A Parent Colony, A Divide, And a Package Colony

Imbolc                             New Moon (Awakening)

Bees.  Bees.  Bees.  Bees.  I’ve had two 8 hour sessions of nothing but bees.  And more stuff about bees.

Today I learned about dividing a colony, a successfully wintered colony, which is our situation here.  As Marla Spivak says, “If you’re not sure, just let the bees do it.”  That conforms to my work late last fall with the bees.  Mark, my bee beepackagementor, had a traumatic autumn and we just didn’t get together quite enough.

Now, though, I understand the next step, which will create a parent colony–the old queen with two hive boxes–and a child colony, which I will treat in the same way I did the current one.  That is, the goal with it will be to get to late fall with three hive boxes with a combination of brood, pollen and honey sufficient to see the child colony through this coming winter.

(2 lb package of bees)

Here’s the difficult part.  The parent colony gets no care after the honey flow stops.  This means that its queen will die of old age and since the colony will then have lost its egg layer, the entire colony will die out over the winter.  There’s nothing cruel about this since it follows the essential biology of bees.  That is, queens live around 2  years and the workers 60 days, so the entire colony would die out under any circumstances without a new queen and even if a new queen were added, the bees that would become the new colony under her reign would be entirely new bees.
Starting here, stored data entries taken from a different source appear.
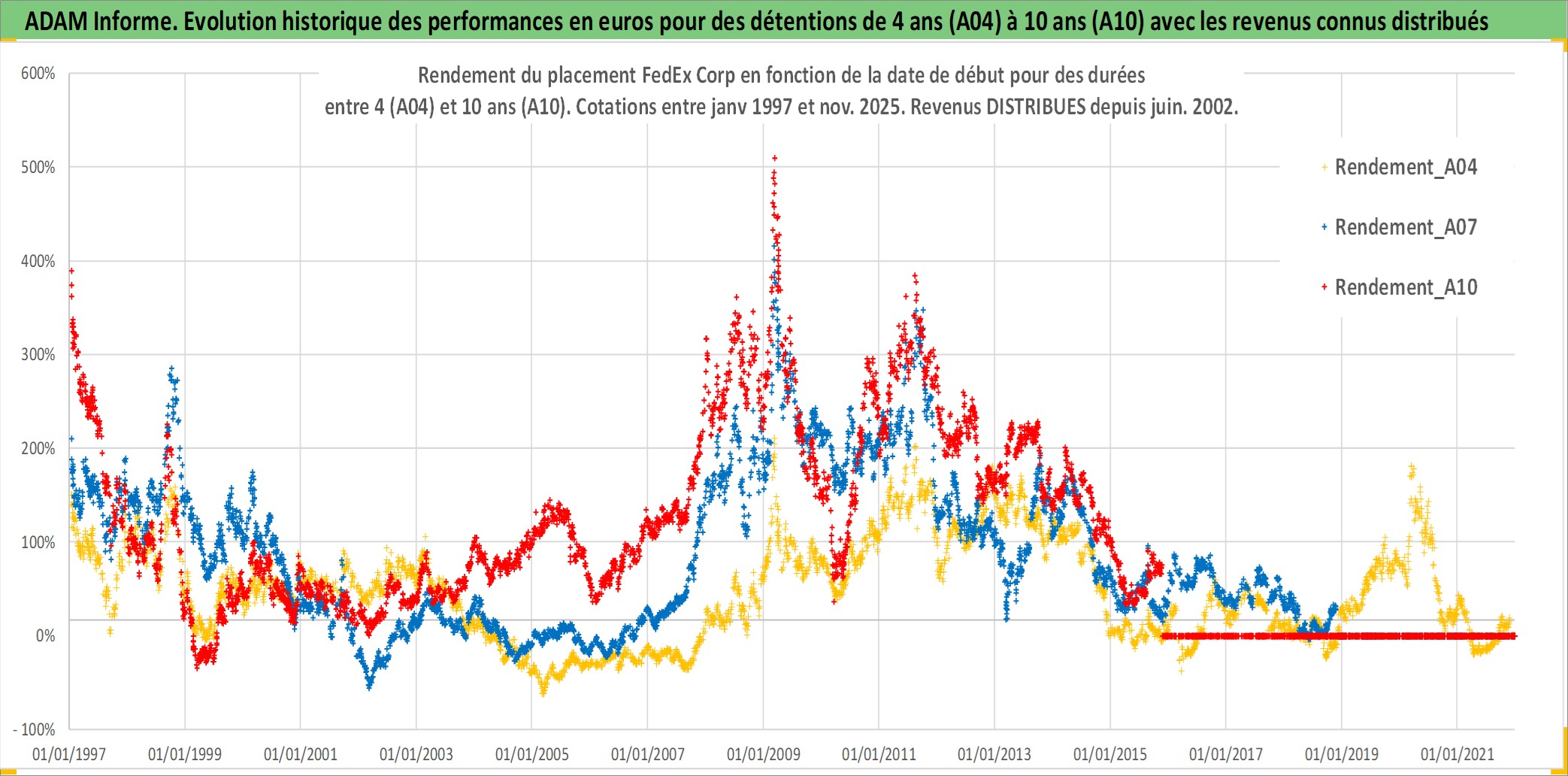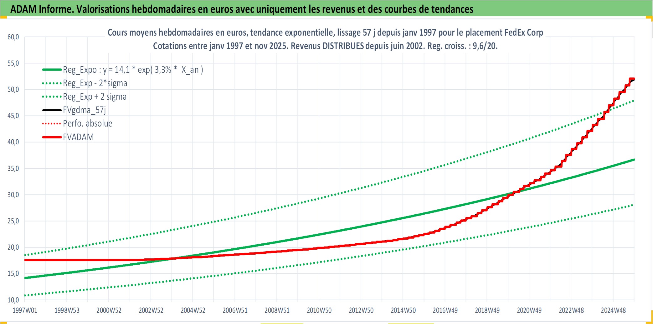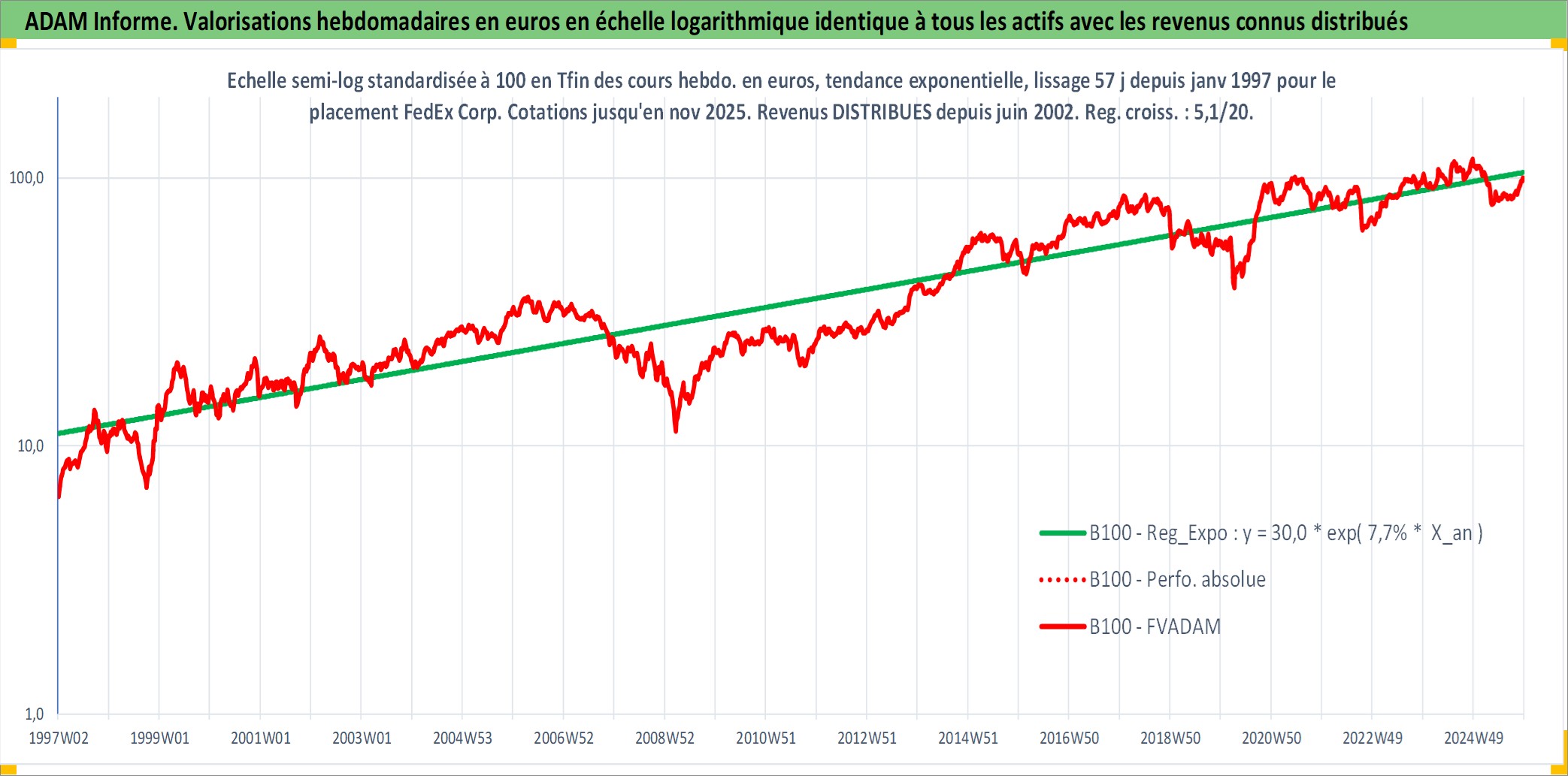 Site dédié aux investisseursPage dédiée sur site financeAnalyse des valorisations hebdomadaires de l'action FedEx Corp. Cet actif est cote en USD. Les valorisations sont en contrevaleur EURO et couvrent les semaines 1997W01 a 2025W48. Les revenus de cet actif financier sont pris en compte depuis la semaine 2002W24. La note globale ESG de cet actif est estimee a 10.0 (apres rebasage entre 0 et 20).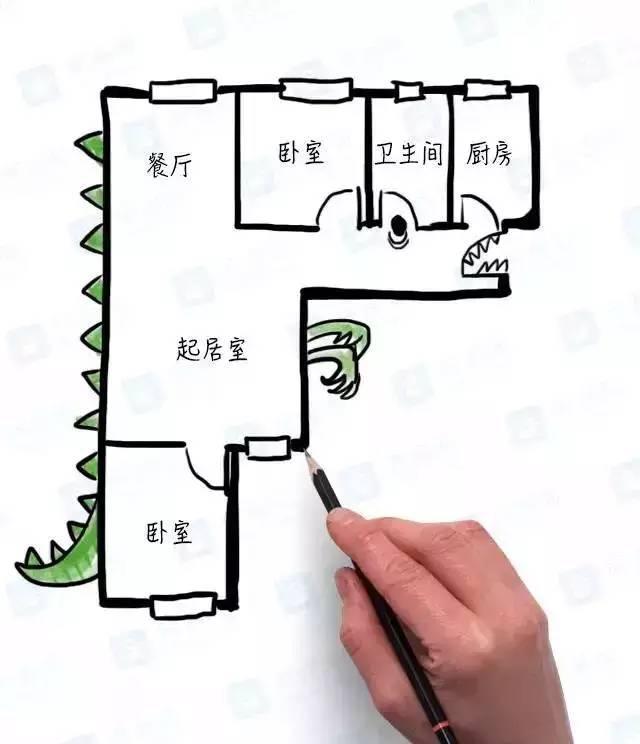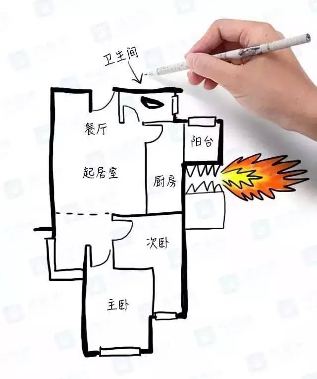 3、客廳有采光,但是房間旁的過道又長又窄,臥室在最盡頭,光線完全照不過去,衛(wèi)生間沒有窗戶,又和廚房一起堵在過道處,味道一定不好聞。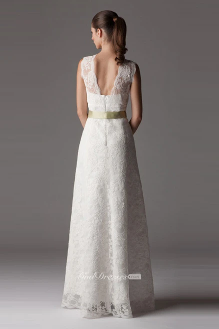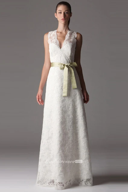Sheath V-Neck Long-Sleeveless Lace Wedding Dress With Bow And V Back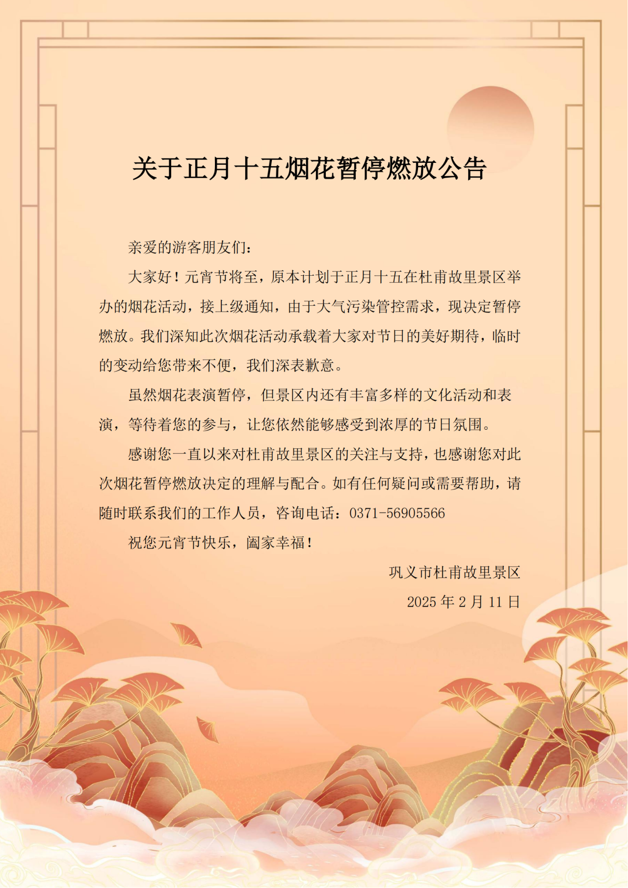 另外,河南交通广播记者还了解到,只有河南戏剧幻城和巩义市杜甫故里景区都于昨天发布了关于正月十五烟花临时取消或暂停燃放公告。提醒奔着烟花秀去的市民要早做规划,避免跑空。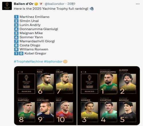 金球奖发布2025雅辛奖排名,配图是今年的,文案却是去年的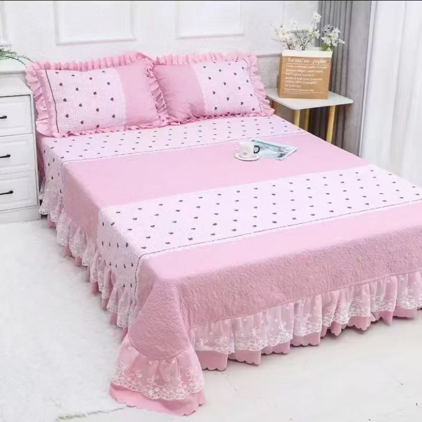 (总)彩亿家纺 2026春夏新品四季床盖泡芙棉双层纱蕾丝床裙加厚床单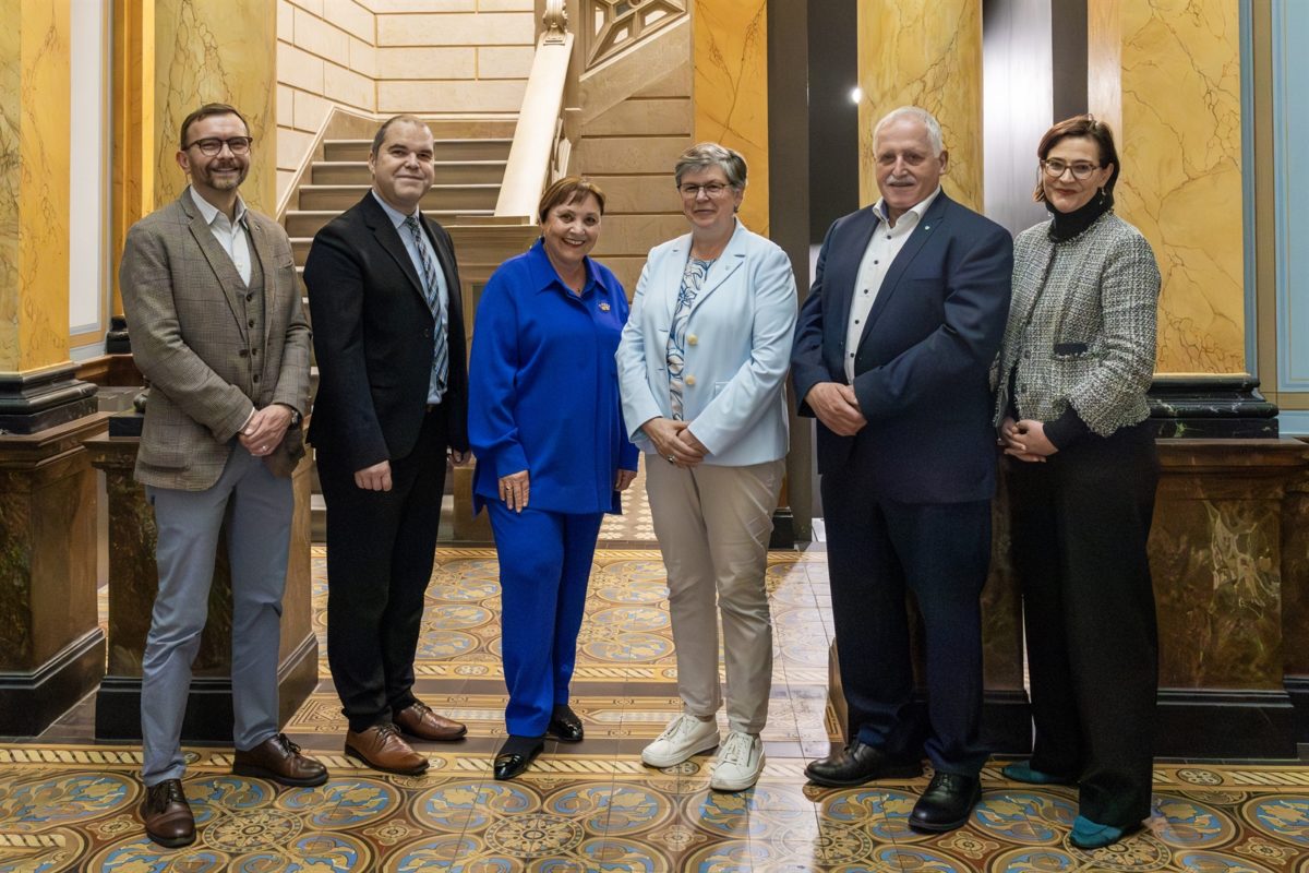 Im Rahmen des 3. Luziensteig-Treffens am 22. Mai begrüssten die Bündner Standespräsidentin Silvia Hofmann und Standesvizepräsidentin Valérie Favre Accola die Kantonsratspräsidentin Barbara Dürr und den Kantonsratsvizepräsidenten Walter Freund aus St. Gallen sowie den Landtagspräsidenten Manfred Kaufmann zu einem Gesprächsaustausch in Chur. Auf dem Programm stand zudem ein Besuch im Churer Domschatzmuseum. Im Anschluss empfing Bischof Joseph Maria Bonnemain die Gäste im Rittersaal
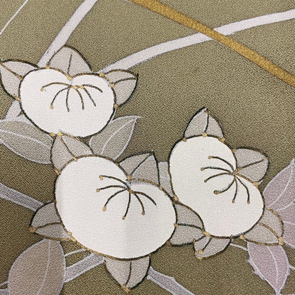 訪問着 身丈161cm 裄丈62.5cm S 袷 橘花 竹 金糸 金彩 茶緑色 正絹 秀品 一つ紋の検索結果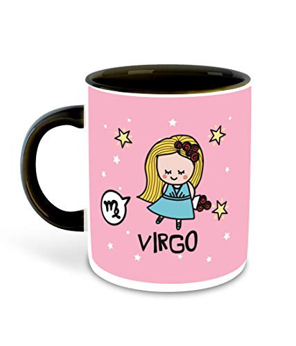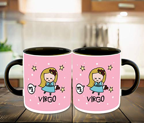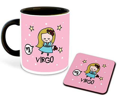 DecorVecor - كوب قهوة سيراميك بلون داخلي اسود ومطبوع عليه برج العذراء من ديكور فيكور مع قاعدة مج | شرب | حليب - افضل هدية | الابراج الفلكية والعذراء والابراج متعدد 4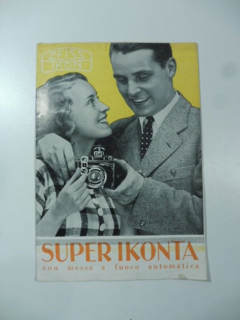 Pieghevole pubblicitario a 4 falde cm 50 x 18, a colori dedicato alla Super Ikonta, modello Zeiss Ikon che nel 1934 era appena uscito. Grafica di impostazione modernista. I primi anni di vita della Zeiss Ikon vedono la razionalizzazione della produzione, con l’eliminazione dai cataloghi dei prodotti troppo simili e l’apposizione del marchio Zeiss Ikon sulle fotocamere rimaste in produzione, ma i progetti per il futuro sviluppo dell’azienda sono ben piu' ambiziosi. Con i primi anni Trenta viene privilegiato lo sviluppo delle fotocamere per pellicola in rotoli, con le fotocamere a soffietto Ikonta 6x9cm del 1931, seguite nel 1934 dalle Super Ikonta provviste del telemetro accoppiato e la Super Nettel, ma con lo sguardo attento alle evoluzioni del settore.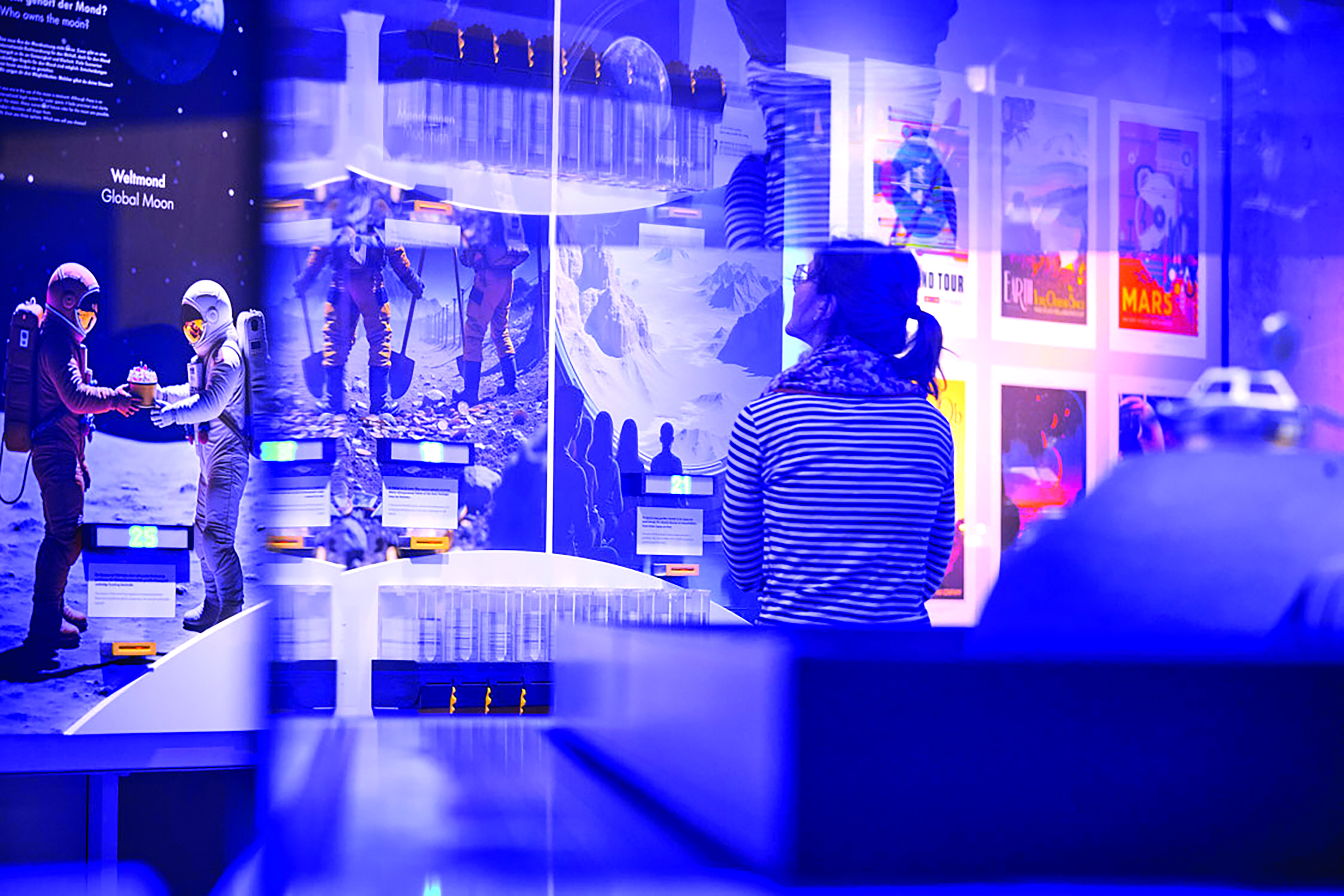 Die Neupräsentation „Weltraumrecht“ stellt drei Szenarien für den Mond vor: Weldmond, Mondrennen und Mond pur. Sie ergänzt die Dauerausstellung im Themenbereich Raum und Zeit, in der unter anderem das Moon Village zu sehen ist – ein eindrucksvolles Modell als Beispiel, wie Menschen auf dem Mond leben und arbeiten könnten. An einer Telefonzelle können die Museumsgäste vom Mond zur Erde telefonieren und erleben die verzögerte Übertragung mit 1,3 Sekunden. Großformatig projizierte Ausschnitte aus Science Fiction-Filmen zeigen, dass der Mond schon immer eine Anziehungskraft auf den Menschen hatte und zu Gedankenexperimenten eingeladen hat.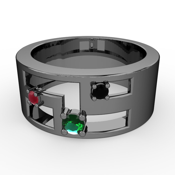 Yeşil kuvars, kök yakut ve siyah zirkon 925 ayar siyah rodyum kaplama gümüş yüzük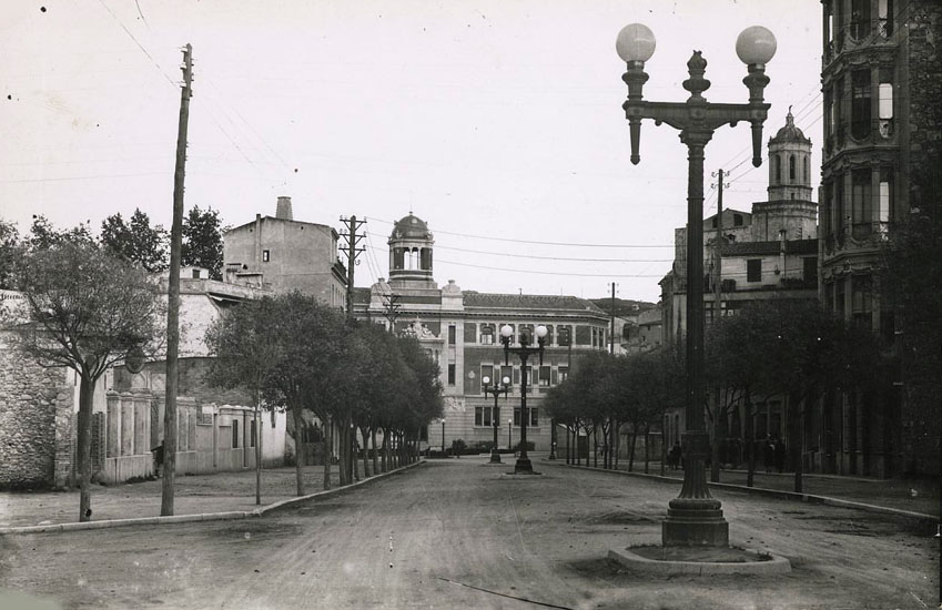 (1) - Vicenç Fernández i coll, al llibre citat a la bibliografia, esmenta que l'edifici que va ocupar Correus "...abans estava composada per dues altres que donaven al carrer Ballesteries [...] restant reunides en una sola per haver-les enderrocat i reedificat en una sola planta, donant-les més amplada per part del pany de la muralla i terrassa que servia per la presó (de dones), essent cedit el terreny per l'Ajuntament per evitar el repugnant aspecte que presentava". Tornar al text

There’s a big upside to this for all bees.  We can clean out the old hive bodies and frames, check for disease and virus and if necessary we can burn the old frames and start over.  This means that each bee colony will have a young, prolific queen and each hive will get a complete going over ever other year.  Both of these elements, cleaning and a young, prolific queen increase the colonies capacity to survive and thrive.

The good news is that the parent colony begins making honey the minute the divide is complete.  Honey supers go on the parent colony right away and they start filling up.  A honey super is about half the size of a deep hive box and honey filled frames are their only result.  A queen excluder is put on the parent colony deep hive boxes, so the queen does not crawl up in the honey supers and start laying eggs, therefore only honey ends up in them.

In addition to the divide Mark the bee mentor called and said he had an extra package of bees on the way.  I agreed to buy it because I thought my bees were dead.  Since they’re not, taking on another package of bees means we’ll end up with four hives next spring if everything goes well.  At that point, we should be producing some serious honey, possibly enough to sell at farmer’s markets.